# Nice flounder



## Chris9681 (Jul 1, 2007)

Had an evening fish tonight caught 2 nice flounder the one on the left went 14 inches the one on the right went over 22 inches and hit right at 5 lbs decent 2 hour fishing trip!


----------



## ChickFilet (May 20, 2004)

No doubt they are nice. How about a bay system, water conditions, bait color, anything?


Chris9681 said:


> Had an evening fish tonight caught 2 nice flounder the one on the left went 14 inches the one on the right went over 22 inches and hit right at 5 lbs decent 2 hour fishing trip!


----------



## Slip (Jul 25, 2006)

Wow!!!


----------



## fishinfool3846 (Apr 24, 2005)

congrats on the saddle blanket


----------



## GHSmacker (Feb 27, 2006)

That flounder is a hoss. Congrats


----------



## yellowvette (Feb 27, 2008)

nice haul. where did you pull those from?


----------



## monkeyman1 (Dec 30, 2007)

good flounder in the left hand!

like the guy said, bay system? bait?


----------



## tejastroutkilla (Jun 5, 2007)

nice hog you got there.....


----------



## JustAddWater2 (Oct 10, 2005)

Save it for STAR Chris, don't eat it.


----------



## Sweet Action (Mar 27, 2008)

Dude...stuff that monster with some crab, broil it, and call me when its ready!
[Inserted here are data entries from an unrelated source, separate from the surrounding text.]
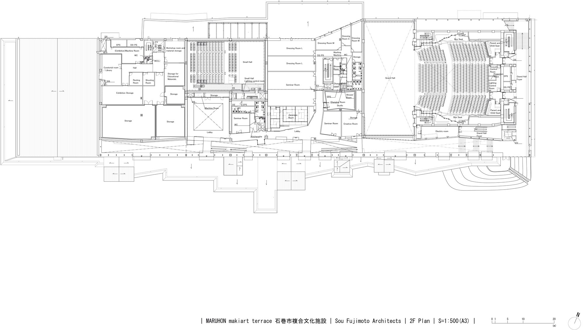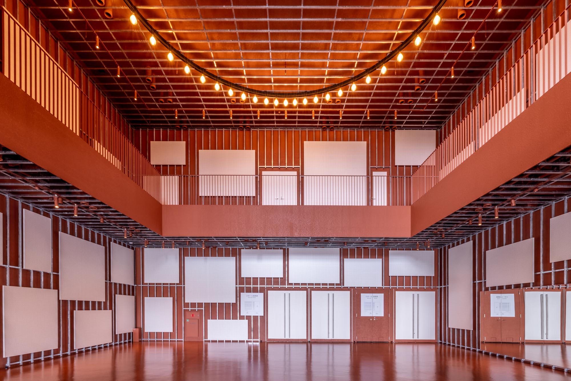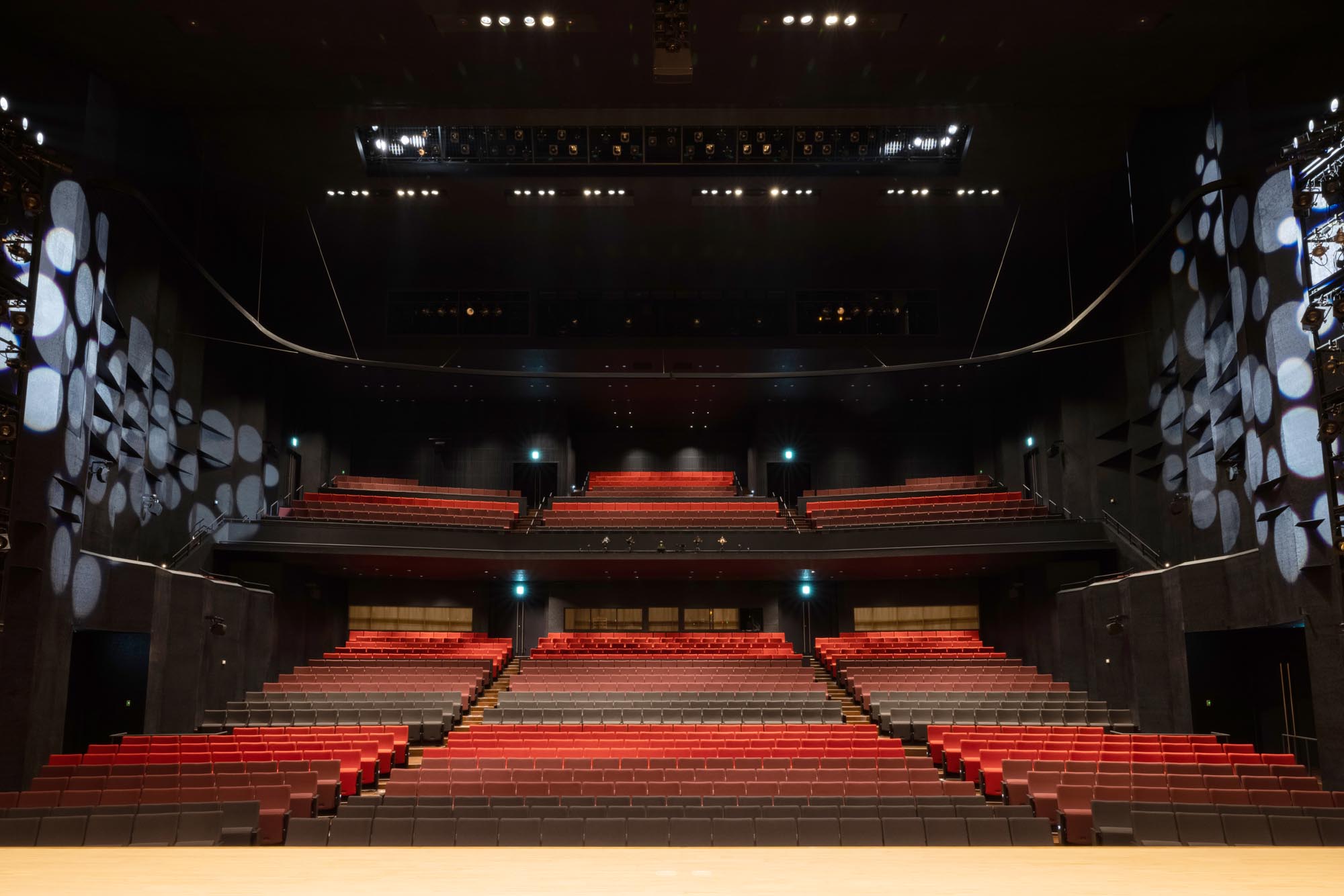Regarding the structure of the large hall, in order to respond with flexibly to the balance between the number of seats and the performance type, we divided the second floor seats with curtains, making it possible to use the middle hall scale within the first floor. The interior of the hall, which uses black to form a background, emphasizes the presence of the stage and the audience seats, intended to create a sense of unity between the performers and the audience.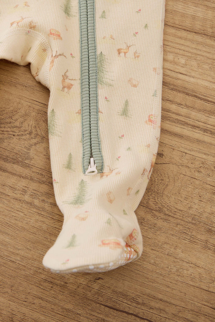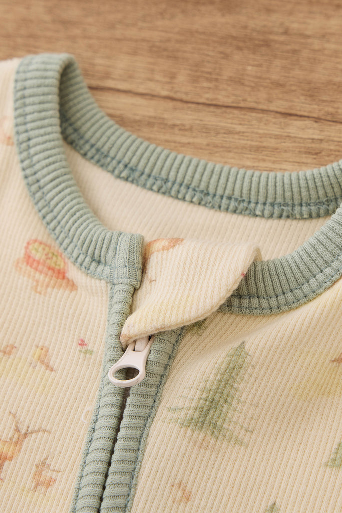 Long Sleeve Ribbed Footie Romper - Christmas Print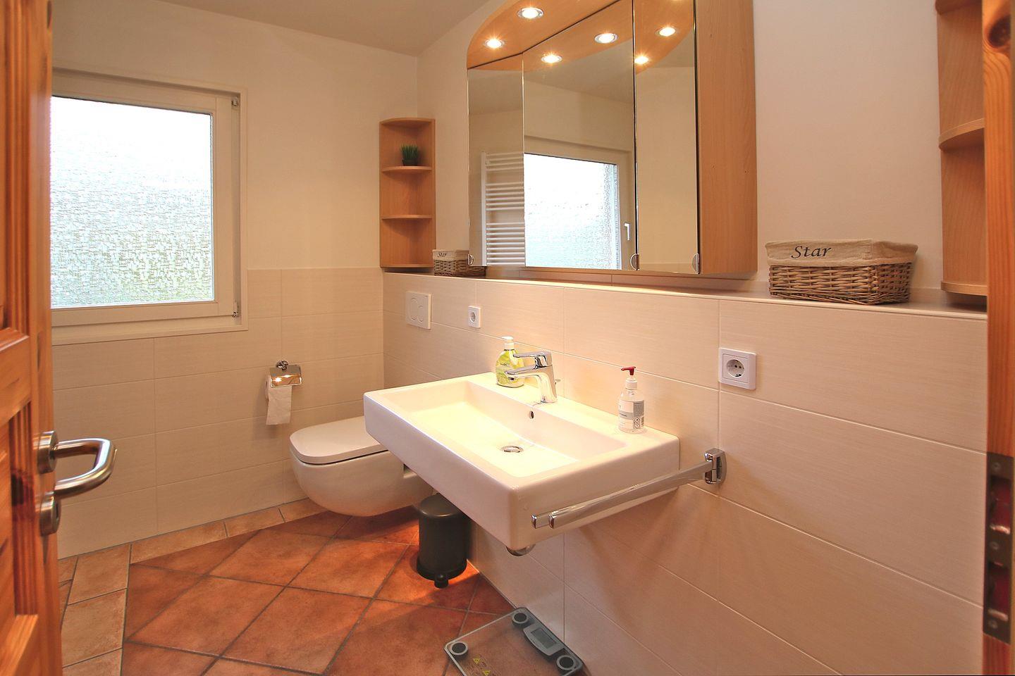 Im EG befindet sich das ca.30qm große Wohnzimmer mit SAT TV, DVD, Radio/CD und direktem Zugang zur Süd-West Terrasse, Terrassenmöbeln und schönem, großem Garten. Große Küche mit allem Komfort und großem Essplatz. Schlafzimmer 1 im EG mit großem Doppelbett (1,80x 2,00m) und Kleiderschrank. Bad 1 im EG mit Dusche und WC. Im 1.OG befinden sich drei weitere Schlafzimmer (1 mit Doppelbett 1,60x2,00m,1 mit Doppelbett 1,80x2,00m + TV) und ein großes Kinderzimmer mit zwei Einzelbetten a 0,90x2,00m, separater Spielecke und ein extra Waschbecken. Bad 2 im 1.OG mit Dusche und WC. Im Keller befindet sich die Sauna und ein Fitnessraum.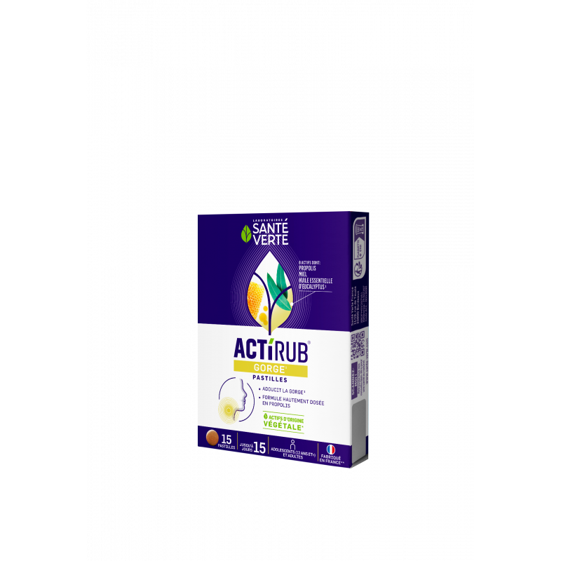 En hiver, notre organisme fait face à de nombreuses agressions et notre système immunitaire est plus régulièrement sollicité, notamment en cas d’irritation de la gorge. ACTIRUB® pastilles est un complexe d’actifs, avec notamment de l’huile essentielle d’Eucalyptus, qui a un effet apaisant sur la gorge et le pharynx.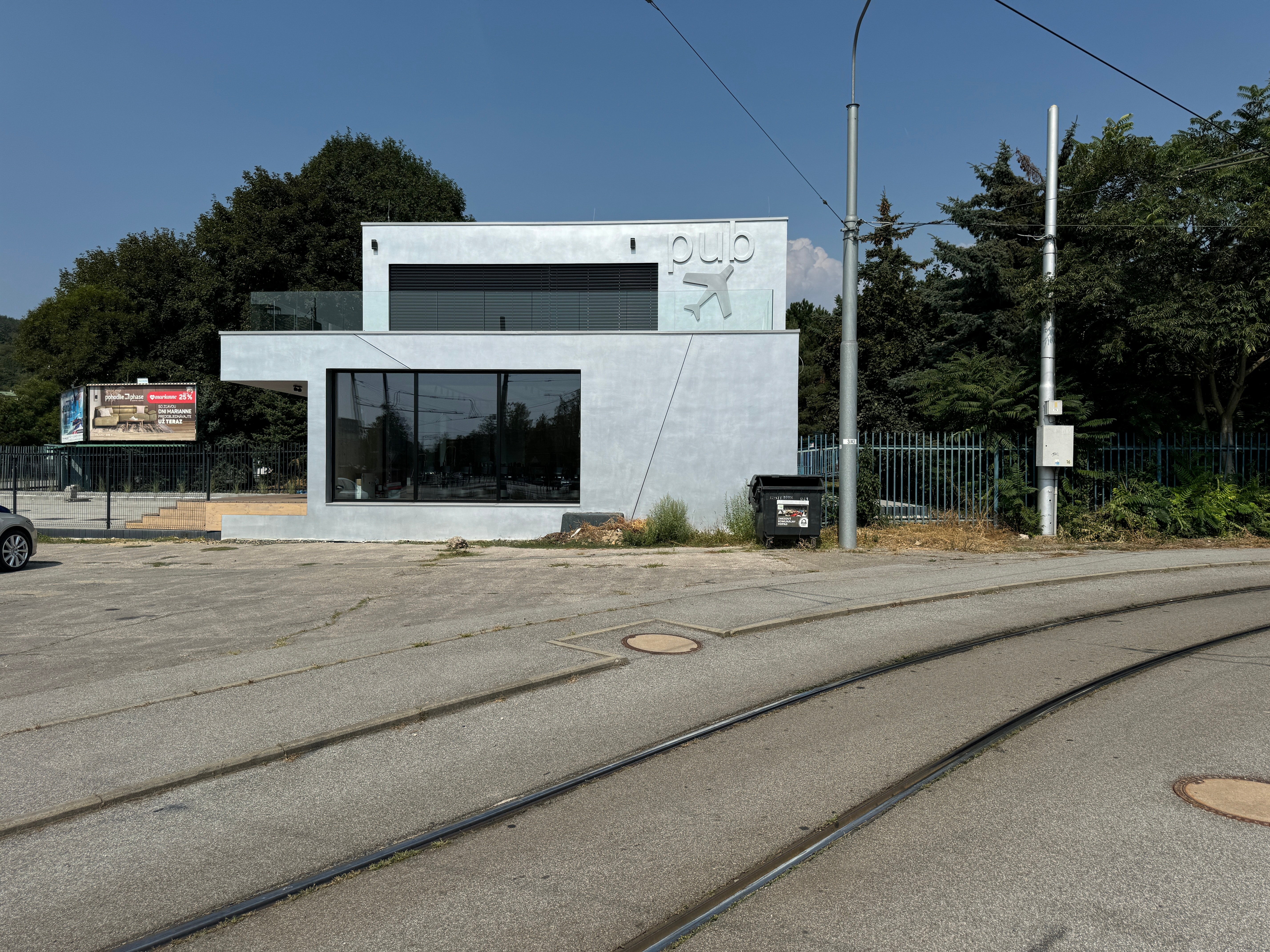 Novopostavený Pub Tryskáč sa nachádza v mestskej časti Košice-Sever, priamo v areáli štadióna Lokomotíva na južnom okraji lesoparku, ktorý oddeľuje električkové obratisko od športoviska.

I got the cold beer.lol j/k
Thats a nice fluke man!! Congrats


----------



## captgrif (May 29, 2007)

you must have had a really good guide...


----------



## Captain Dave (Jul 19, 2006)

Excellent Catch and report .. Umm Umm Good din din


----------



## Poon Chaser (Aug 22, 2006)

I see stuffed fllounder in your future


----------



## RenFish (Sep 17, 2007)

Wow! That's a nice flounder! Didn't say where, on what, etc.


----------



## Electric Mullet (Mar 18, 2008)

Really nice fish man, good on ya, however don't act like some sort of 10yr-old and not tell us the generals about how you got it. Give us the bay system, color of bait, time of day....etc... This forum is called "Fishing Reports" not "I caught a nice fish and you didn't"


----------



## bigfish99 (Dec 29, 2007)

Nice fish , no matter where you caught it . 
p,s, you could pm me with the preticulars please.


----------



## 10ERBETTER (Feb 24, 2008)

That is a monster Flounder.
Great pic.


----------



## deano77511 (Feb 2, 2005)

you almost got my record of 23 inches, nice nice flounder
DEANO


----------



## Benelliboss (Feb 20, 2006)

man thats a huge flattie!


----------



## Chris9681 (Jul 1, 2007)

*Ok*

Im not a 10yr old and no one ever says where they catch their fish but if you must know i was wading the north jetty at the very end past boat cut!


----------



## spitfire (Jan 2, 2007)

Iam hungry!


----------



## Wakerider1424 (Nov 25, 2007)

DANG, nice!!


----------



## galvetraz (Nov 29, 2005)

I didn't think hellabutts made it down this far.


----------



## 2shallow/majek (Jan 8, 2008)

How did you get the slime off your camera lens?


----------



## dennis_99 (Feb 27, 2006)

Congrats on some nice flatties and the BEAST!


----------



## Aggieangler (May 28, 2004)

Nice flatties!


----------



## bedicheck (Jan 9, 2006)

Chris9681 said:


> i was wading the north jetty at the very end past boat cut!


JOKING, RIGHT?


----------



## haparks (Apr 12, 2006)

thats a slab


----------



## scubaru (Mar 28, 2005)

bedicheck said:


> JOKING, RIGHT?


Nope, I saw'em out there.


----------



## NateTxAg (Apr 11, 2006)

Sure is....

Bet that was fun!



Benelliboss said:


> man thats a huge flattie!


----------



## galbayfisher (May 28, 2004)

nice pic. my best flounder was 22" . got close last fall at 21". Hope to break it this year.

Good catch!!


----------